# Beach Snook



## BLS FL (Apr 19, 2017)

I didn’t see many snook on the beach this morning. Big storm last night might have moved them to deeper water. Hopefully they’ll show back up in decent numbers. Got one big girl to eat a swim bait.


----------



## lemaymiami (Feb 9, 2007)

Very nice...


----------



## JIMMYZ750 (Feb 20, 2007)

Nice lookin snook Must be gulf side?


----------



## MRichardson (May 27, 2010)

JIMMYZ750 said:


> Nice lookin snook Must be gulf side?


Are you saying East Coast snook are ugly?


----------



## Mako 181 (May 1, 2020)

i don't know about ugly.... Bigger, yes they are.


----------



## JIMMYZ750 (Feb 20, 2007)

Just looking at the surf conditions Rarely that calm east side......and they get pretty big around Sebastian


----------



## rovster (Aug 21, 2018)

Nice!


----------



## millerrep (Apr 14, 2014)

Nice catch. It’s been windy and weedy on the east coast all year. Going nuts!


----------



## BLS FL (Apr 19, 2017)

Thanks guys! I should have clarified, I’m in Pinellas County in West Central FL. I took the buggy whip today. Had a couple takes but couldn’t come tight. One seemed like a trout. I saw more snook today but most of them had pretty negative attitudes. Landing a fly anywhere near a school sent the scurrying like cockroaches when the lights come on.
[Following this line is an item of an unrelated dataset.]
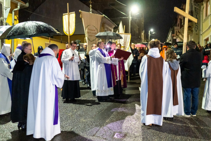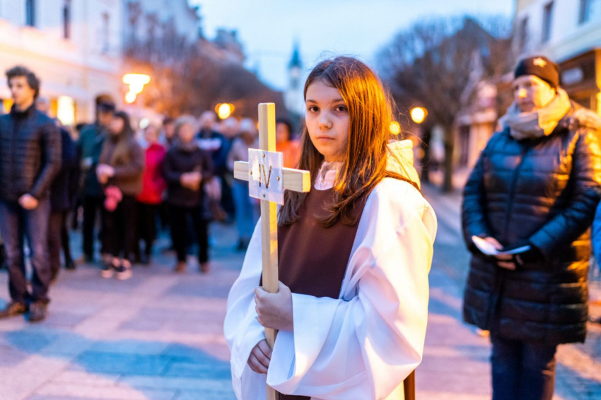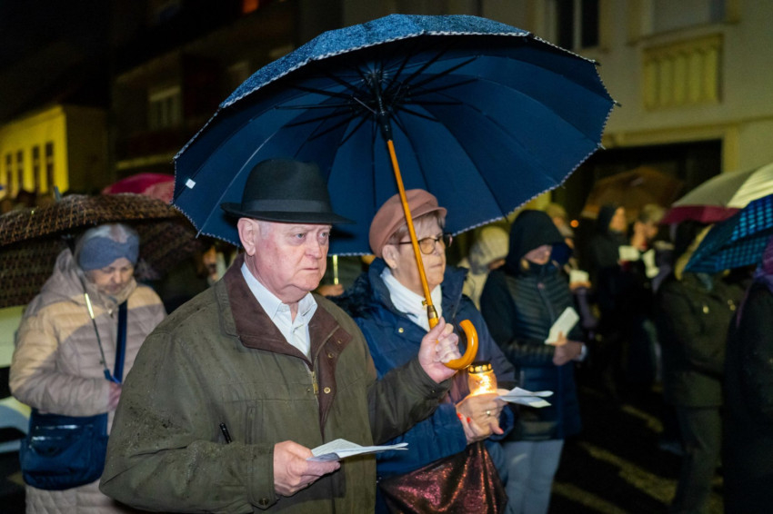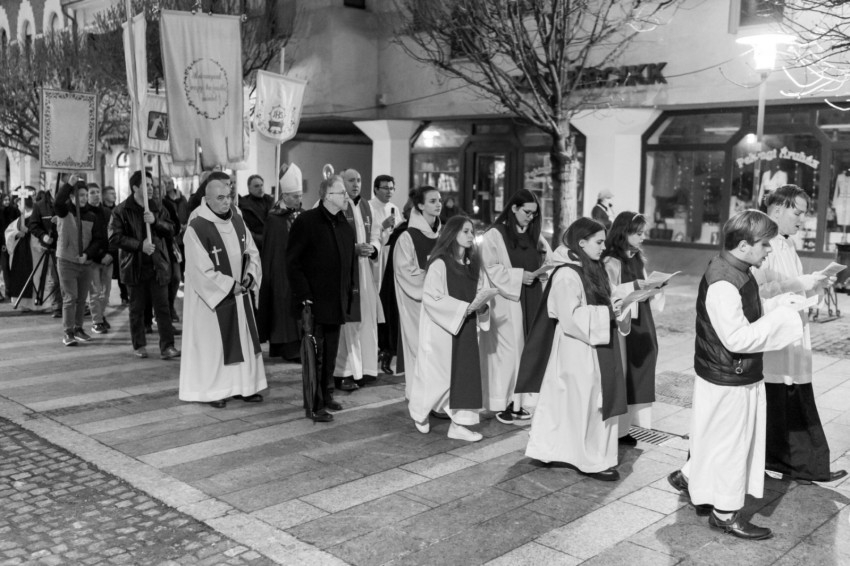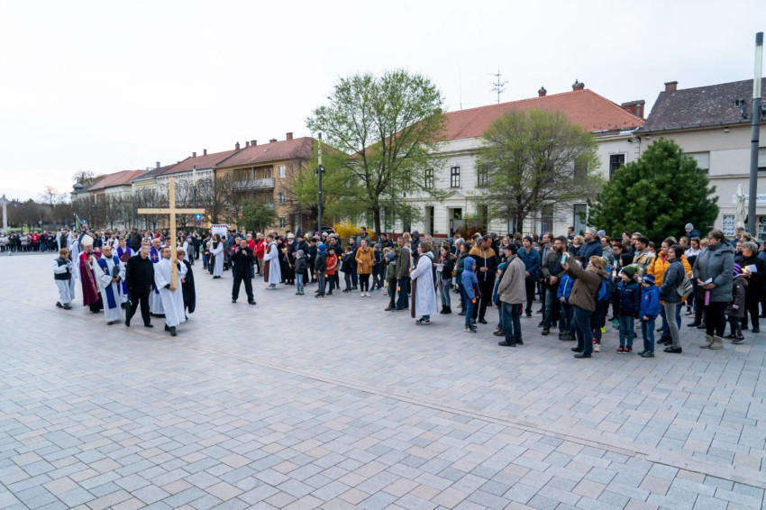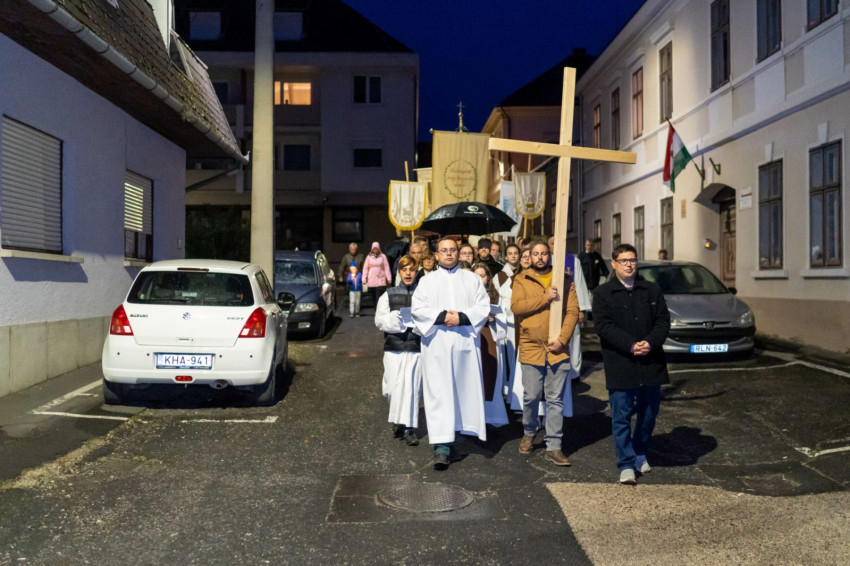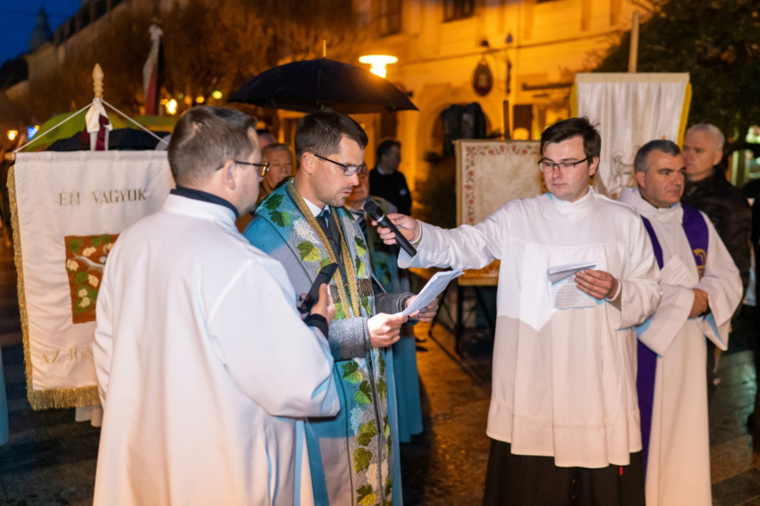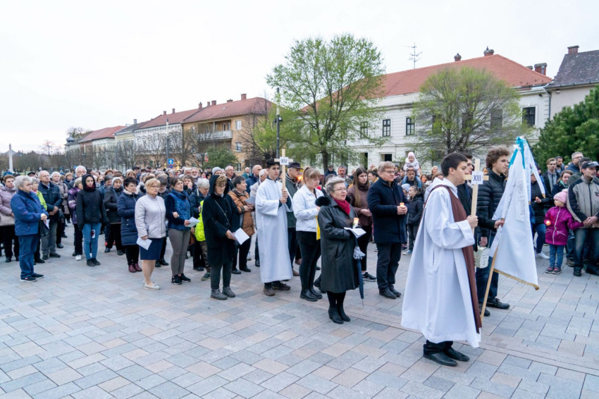 Az esti szentmise után a közel ezer jelen lévő hívő – köztük reformátusok és evangélikusok is – a veszprémi érsek vezetésével végigjárta a városi keresztút tizennégy stációját.

Wind hasn’t been an issue here for the last few weeks. The occasional 15, but mostly 10 and under. Light east winds the last few days have made beach fishing ideal, no grass, no surf, and water is very clear for this time of year.


----------



## bananabob (Jun 3, 2015)

Mako 181 "don't know about ugly.... Bigger, yes they are. "

I do believe Florida's biggest snook came from Sebastian Inlet.
But I love them all...not matter how big or small but I love slots the most!


----------



## bananabob (Jun 3, 2015)

Slap Me! Forgot to say Nice snuke BLS.

I'll be heading to Sanibel next month for 4 days. Taking only buggy whips.


----------



## tailspotter74 (Nov 19, 2020)

niiiice


----------



## BLS FL (Apr 19, 2017)

bananabob said:


> Slap Me! Forgot to say Nice snuke BLS.
> 
> I'll be heading to Sanibel next month for 4 days. Taking only buggy whips.


 I love that area. Hopefully you find a few snook that want to play!


----------



## skinny_fishing (Aug 30, 2021)

Hey nice Snook. I'm in Pinellas too, St.Pete right off of Treasure Island. My son and I do lots of beach fishing and our favorite place to do it is Fort Desoto. Lately we have been taking the skiff to the spot we like because it's easier than walking and carrying everything lol. Tons of Snook there but they are very picky and will usually only bite very early in the morning with current. After that they get lock jaw.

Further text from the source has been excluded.